* Supplied data *
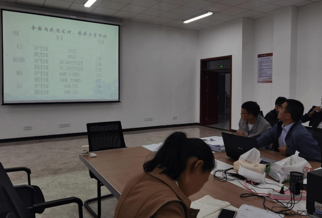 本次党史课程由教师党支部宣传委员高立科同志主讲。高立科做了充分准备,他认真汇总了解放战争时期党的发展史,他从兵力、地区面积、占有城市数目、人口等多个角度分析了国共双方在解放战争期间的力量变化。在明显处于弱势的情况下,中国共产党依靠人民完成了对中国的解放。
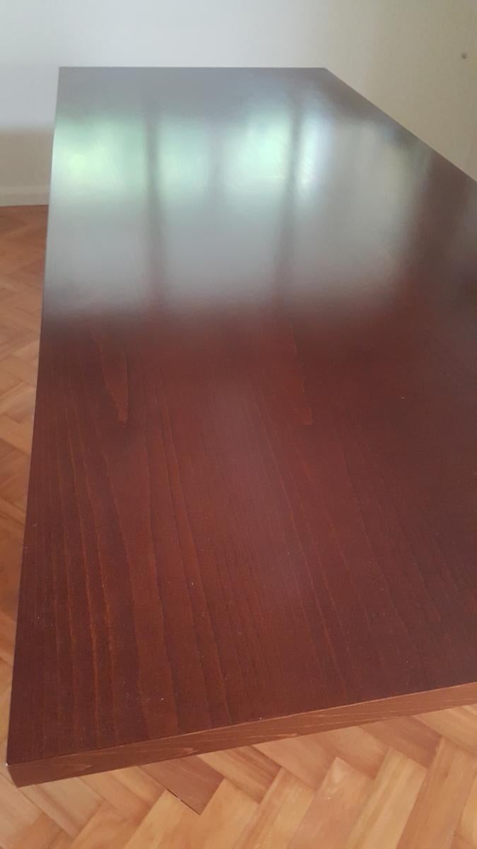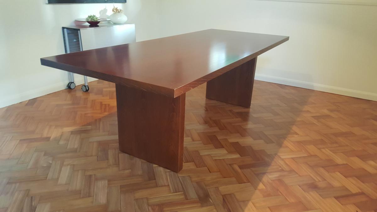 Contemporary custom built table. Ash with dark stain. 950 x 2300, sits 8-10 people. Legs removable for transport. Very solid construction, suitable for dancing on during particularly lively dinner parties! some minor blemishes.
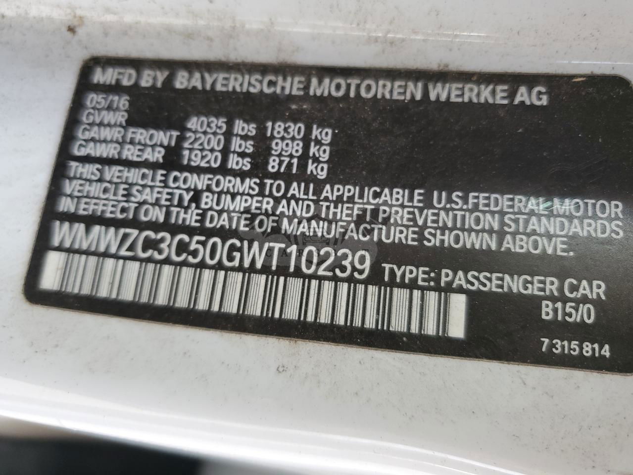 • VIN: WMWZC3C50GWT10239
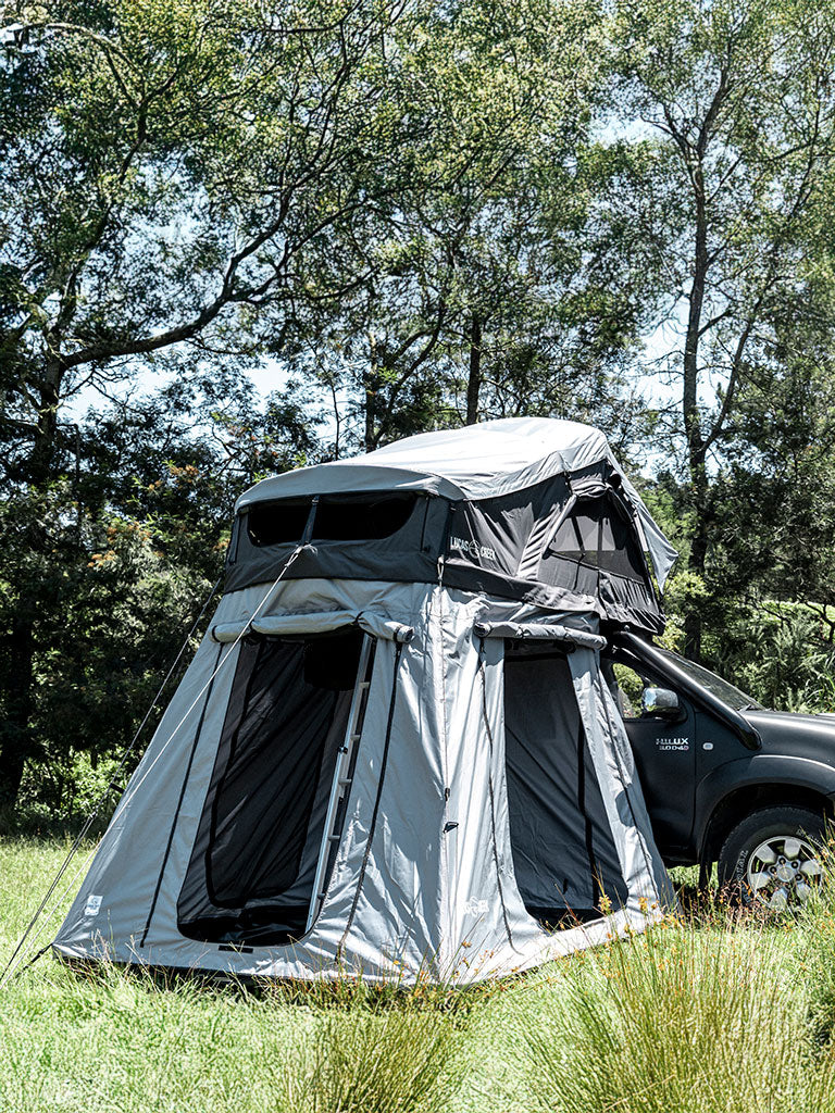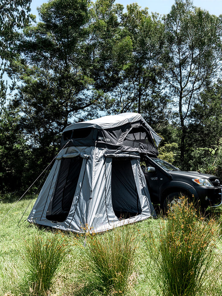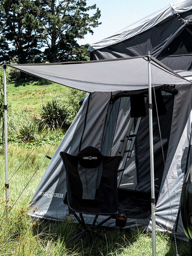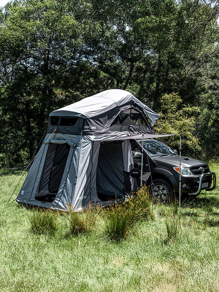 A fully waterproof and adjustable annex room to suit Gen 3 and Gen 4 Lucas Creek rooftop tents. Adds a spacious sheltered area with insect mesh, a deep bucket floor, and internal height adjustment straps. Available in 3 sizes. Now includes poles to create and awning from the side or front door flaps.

* What the task asks *
Copy the whole of the material above exactly, but not its images.

* Output below *
 本次党史课程由教师党支部宣传委员高立科同志主讲。高立科做了充分准备,他认真汇总了解放战争时期党的发展史,他从兵力、地区面积、占有城市数目、人口等多个角度分析了国共双方在解放战争期间的力量变化。在明显处于弱势的情况下,中国共产党依靠人民完成了对中国的解放。
 Contemporary custom built table. Ash with dark stain. 950 x 2300, sits 8-10 people. Legs removable for transport. Very solid construction, suitable for dancing on during particularly lively dinner parties! some minor blemishes.
 • VIN: WMWZC3C50GWT10239
 A fully waterproof and adjustable annex room to suit Gen 3 and Gen 4 Lucas Creek rooftop tents. Adds a spacious sheltered area with insect mesh, a deep bucket floor, and internal height adjustment straps. Available in 3 sizes. Now includes poles to create and awning from the side or front door flaps.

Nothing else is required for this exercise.